Spetic, of course, can’t feel the ball. But patterns of electric signals are sent by a computer into nerves in his arm and to his brain, which tells him different. “I knew immediately it was cotton,” he said.
That’s one of several types of sensation Spetic, of Madison, Ohio, can feel with the prosthetic system being developed by Case Western Reserve University and the Louis Stokes Cleveland Veterans Affairs Medical Center.
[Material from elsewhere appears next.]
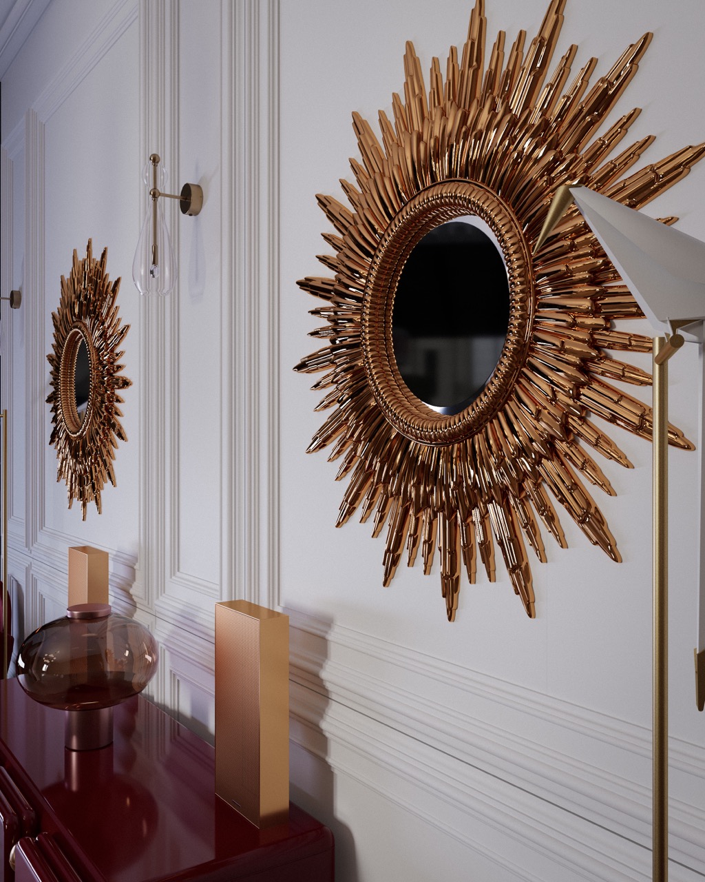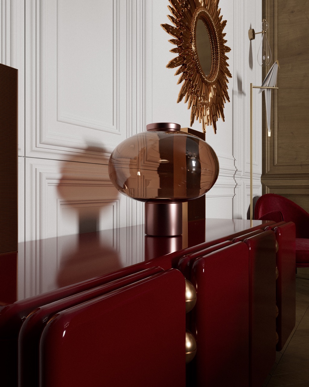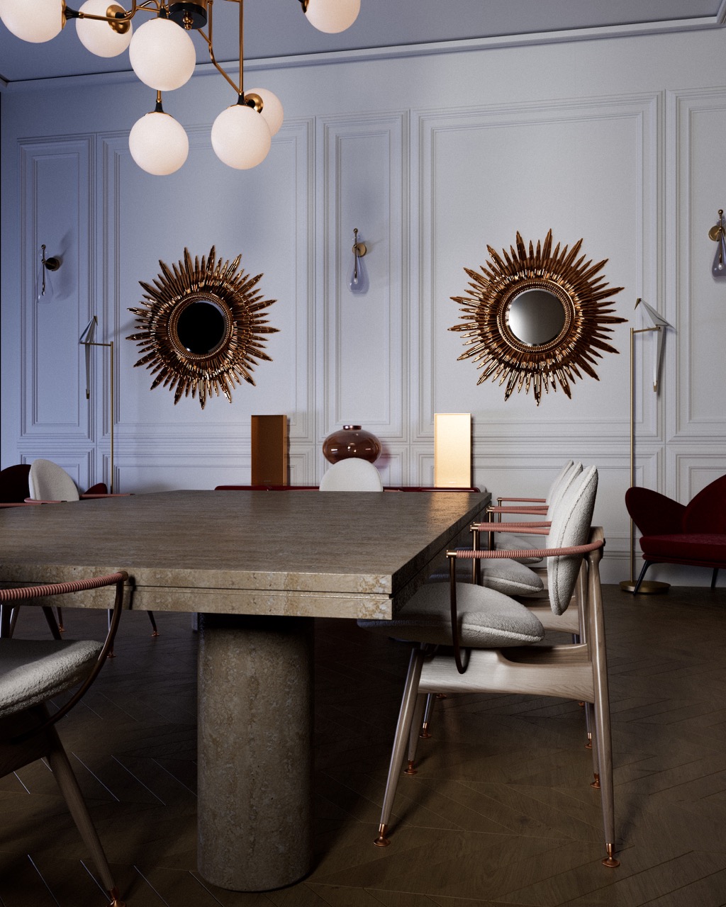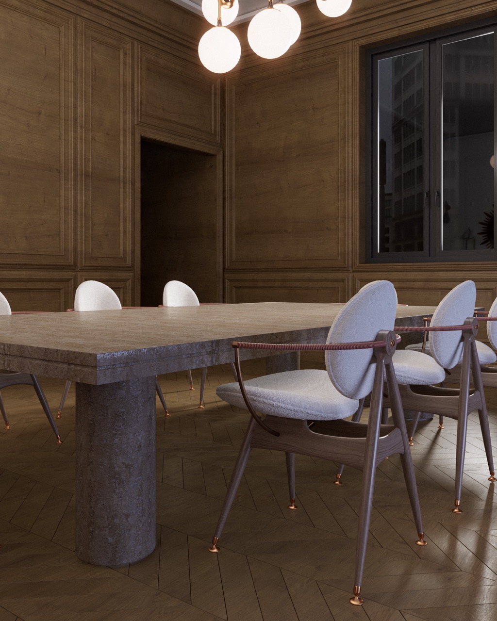 Haussmann architecture — molded walls, wood paneling, herringbone flooring — as classical foundation. Sculptural, lacquered and radical furniture introduced in deliberate contrast. The tension between tradition and modernity, mineral mass and lightness, matte and reflective structures every view. Light reveals textures and defines the atmosphere with precision.

Spetic was excited just to “feel” again, and quickly received an unexpected benefit. The phantom pain he’d suffered, which he’s described as a vice crushing his closed fist, subsided almost completely. A second patient, who had less phantom pain after losing his right hand and much of his forearm in an accident, said his, too, is nearly gone.
Despite having phantom pain, both men said that the first time they were connected to the system and received the electrical stimulation, was the first time they’d felt their hands since their accidents. In the ensuing months, they began feeling sensations that were familiar and were able to control their prosthetic hands with more — well — dexterity.
To watch a video of the research, click here: http://youtu.be/l7jht5vvzR4.
“The sense of touch is one of the ways we interact with objects around us,” said Dustin Tyler, an associate professor of biomedical engineering at Case Western Reserve and director of the research. “Our goal is not just to restore function, but to build a reconnection to the world. This is long-lasting, chronic restoration of sensation over multiple points across the hand.”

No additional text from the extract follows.